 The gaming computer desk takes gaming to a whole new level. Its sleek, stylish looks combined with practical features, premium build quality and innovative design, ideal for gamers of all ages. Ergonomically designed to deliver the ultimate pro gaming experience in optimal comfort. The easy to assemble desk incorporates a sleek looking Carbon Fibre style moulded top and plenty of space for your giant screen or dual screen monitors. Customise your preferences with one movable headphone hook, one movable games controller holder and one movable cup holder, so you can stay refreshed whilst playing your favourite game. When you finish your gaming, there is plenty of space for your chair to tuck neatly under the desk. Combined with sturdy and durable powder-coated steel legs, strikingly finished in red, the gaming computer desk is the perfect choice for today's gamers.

+ + + +

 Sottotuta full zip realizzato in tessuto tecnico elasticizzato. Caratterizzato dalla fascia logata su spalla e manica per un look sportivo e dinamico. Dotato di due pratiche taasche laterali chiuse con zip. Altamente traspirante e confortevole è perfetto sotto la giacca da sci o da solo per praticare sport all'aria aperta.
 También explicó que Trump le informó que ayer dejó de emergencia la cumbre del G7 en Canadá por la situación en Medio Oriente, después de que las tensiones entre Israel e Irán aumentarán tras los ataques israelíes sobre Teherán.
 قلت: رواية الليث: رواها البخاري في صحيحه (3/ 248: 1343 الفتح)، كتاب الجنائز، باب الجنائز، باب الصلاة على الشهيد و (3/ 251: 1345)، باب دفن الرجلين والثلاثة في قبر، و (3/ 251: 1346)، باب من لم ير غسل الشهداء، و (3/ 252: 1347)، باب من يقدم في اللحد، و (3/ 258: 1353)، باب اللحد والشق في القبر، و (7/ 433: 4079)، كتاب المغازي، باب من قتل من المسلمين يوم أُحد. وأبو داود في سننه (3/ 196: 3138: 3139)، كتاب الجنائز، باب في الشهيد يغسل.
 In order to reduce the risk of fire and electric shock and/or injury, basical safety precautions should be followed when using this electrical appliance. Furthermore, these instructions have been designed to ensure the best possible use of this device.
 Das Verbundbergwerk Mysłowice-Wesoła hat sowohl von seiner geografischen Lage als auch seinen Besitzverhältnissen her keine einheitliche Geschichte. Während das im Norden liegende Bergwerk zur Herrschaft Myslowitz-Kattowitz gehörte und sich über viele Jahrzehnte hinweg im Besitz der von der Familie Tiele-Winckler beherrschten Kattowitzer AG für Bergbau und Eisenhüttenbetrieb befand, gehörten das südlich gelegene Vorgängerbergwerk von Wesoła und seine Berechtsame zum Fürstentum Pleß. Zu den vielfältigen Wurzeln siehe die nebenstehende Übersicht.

+ + + +

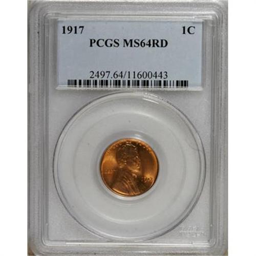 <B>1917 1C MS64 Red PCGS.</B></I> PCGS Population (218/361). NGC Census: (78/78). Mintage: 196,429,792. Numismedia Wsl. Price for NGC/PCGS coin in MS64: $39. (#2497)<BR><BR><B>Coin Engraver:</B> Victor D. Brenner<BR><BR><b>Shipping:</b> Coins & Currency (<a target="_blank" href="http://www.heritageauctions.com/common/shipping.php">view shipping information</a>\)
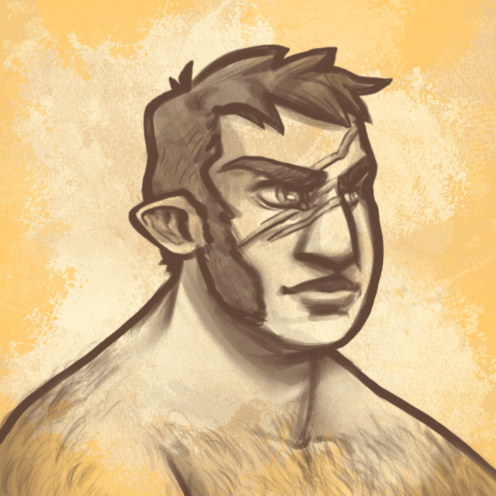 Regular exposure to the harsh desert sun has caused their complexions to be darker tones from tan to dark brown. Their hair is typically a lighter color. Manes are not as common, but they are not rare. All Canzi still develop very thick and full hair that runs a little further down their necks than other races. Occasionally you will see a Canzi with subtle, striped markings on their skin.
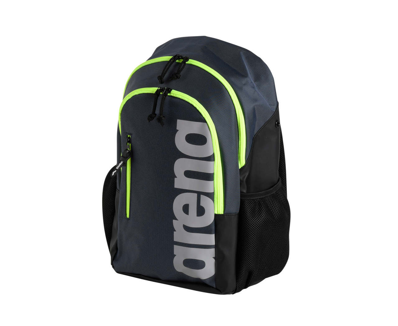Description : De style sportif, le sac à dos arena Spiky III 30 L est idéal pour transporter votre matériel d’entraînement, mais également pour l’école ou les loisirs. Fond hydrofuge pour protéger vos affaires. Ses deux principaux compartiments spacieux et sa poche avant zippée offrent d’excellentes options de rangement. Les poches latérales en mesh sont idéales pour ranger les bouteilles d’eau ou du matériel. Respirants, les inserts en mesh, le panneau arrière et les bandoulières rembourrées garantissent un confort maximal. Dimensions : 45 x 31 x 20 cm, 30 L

+ + + +

_Activity_:
Only the lines above from the line containing "In order to" through the line containing "Das Verbundbergwerk Mysłowice-Wesoła" should be retyped, exactly and with both ends included.

_Answer section_:
 In order to reduce the risk of fire and electric shock and/or injury, basical safety precautions should be followed when using this electrical appliance. Furthermore, these instructions have been designed to ensure the best possible use of this device.
 Das Verbundbergwerk Mysłowice-Wesoła hat sowohl von seiner geografischen Lage als auch seinen Besitzverhältnissen her keine einheitliche Geschichte. Während das im Norden liegende Bergwerk zur Herrschaft Myslowitz-Kattowitz gehörte und sich über viele Jahrzehnte hinweg im Besitz der von der Familie Tiele-Winckler beherrschten Kattowitzer AG für Bergbau und Eisenhüttenbetrieb befand, gehörten das südlich gelegene Vorgängerbergwerk von Wesoła und seine Berechtsame zum Fürstentum Pleß. Zu den vielfältigen Wurzeln siehe die nebenstehende Übersicht.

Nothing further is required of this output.